From these intellectual free associations, Brun organizes her essay around what could be called an intersubjective experience illustrating the various forms of unconscious influence between analyst and analysand. Using clinical vignettes, Brun develops paradoxical ideas about relatedness to the other.
Against the consensually expected empathy, Brun claims that being “outside oneself” (the chapter “A l’écart de soi”) might provide the opportunity for a significantly mutative psychoanalytic move. According to her, a dissociative state due to real traumatic situations (death, sickness, suicide, displacement, separations) may lead to inconceivable explorations between analyst and analysand. Brun’s work validates, without direct acknowledgment, much of the contemporary psychoanalytic literature on dissociation, which is viewed as a form of relatedness through “not-me-ness.”

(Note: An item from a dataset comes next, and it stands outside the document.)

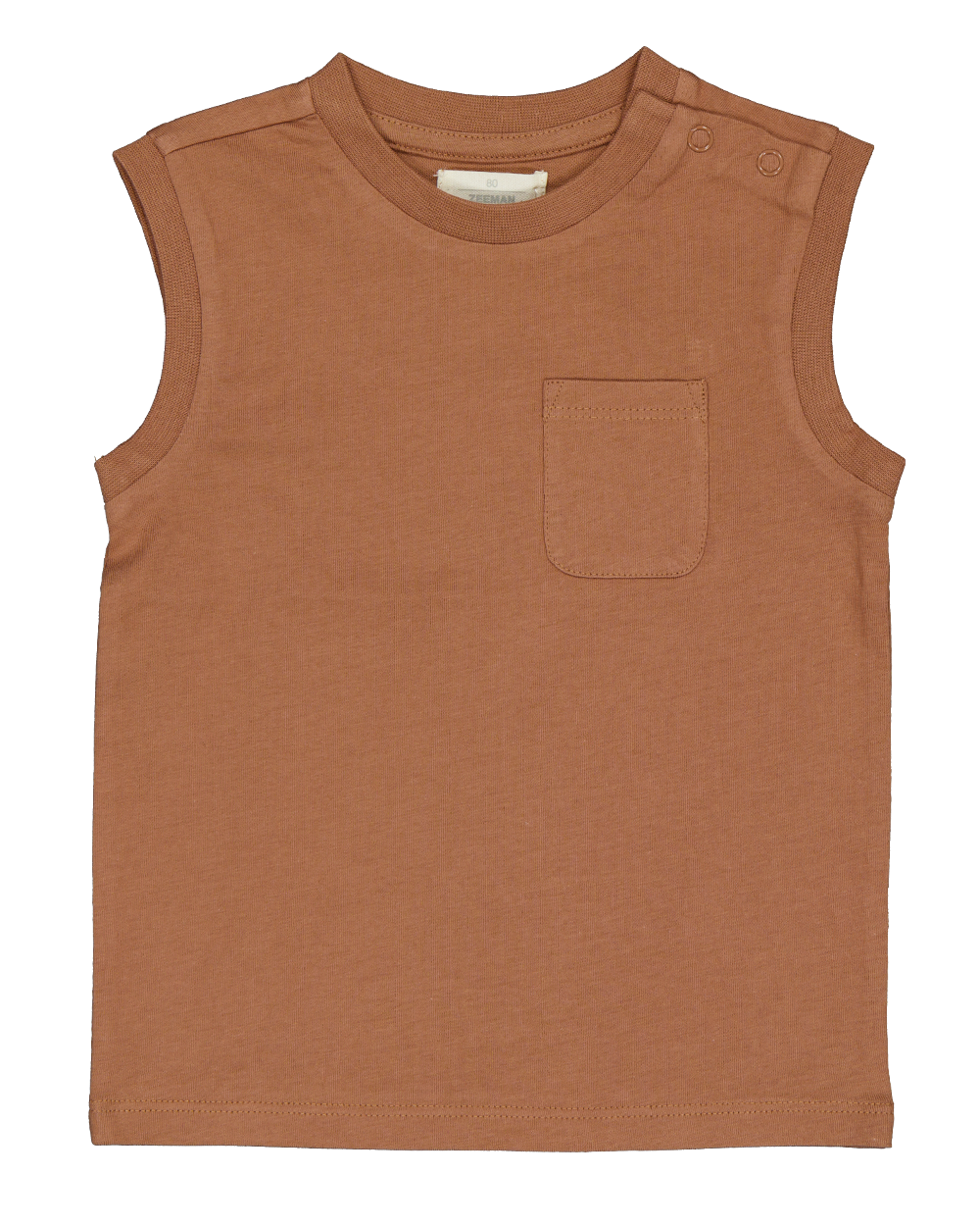Deze bruine singlet voor baby's heeft een klein borstzakje en drukknoopsluiting bij de schouder. De singlet is gemaakt van 100% katoen, wat zacht aanvoelt op de huid. Door het materiaal is hij geschikt voor warme dagen en draagt hij comfortabel.

Another form of dissociation she observes is the body reaction. Rather than invoking a causal relation between psyche and soma, Brun thinks sickness in fact creates a rupture, a dissociation, in their relatedness. The body becomes an outsider, unheimlich, and follows its own disregulation, leaving the psyche helpless and powerless. Brun argues that one can physically identify with the dead body of someone cherished and that this experience makes us feel outside our body. She illustrates this argument with poignant clinical examples of patients whose analysts had died and who resume analysis to recover their own body.
Brun defines psychoanalytic work as a movement back and forth, within and without, the transference between oneself and the other. The timelessness of the mutative connections among the analyst and her patients is the main argument of this essay.
However, Brun also evokes situations of alterity in this dyadic vision of the analytic work (the chapter “La part de l’autre en soi”). Brun takes supervision as an illustration of intrusiveness of an additional player in the unconscious identifications of analyst and patient. Money can also be understood, according to Brun, as an intruder in the relationship, inasmuch as money is the guarantee of the illusionary nature of the analytic relationship and is at the same time a reminder of its limited reality: the analyst has a separate life. Finally, Brun concludes in her last two chapters that the psychoanalytic dyad (la communauté, in Maurice Blanchot’s terms [1984]) transcends the limits of the here and now of the process and leaves traces of the other in analysand and analyst that endure over the years. In this very personal essay, Brun has retraced the links left over time, and après-coup, between the circumstances of her life and her patients’ lives.
Beyond the novelty of a new genre in psychoanalytic literature, this biographical essay on a clinical practice brings to the fore the role of the analyst’s mind and body in the patient’s treatment. The courage Brun displays in such an honest professional and personal exposure is edifying and worthy of admiration.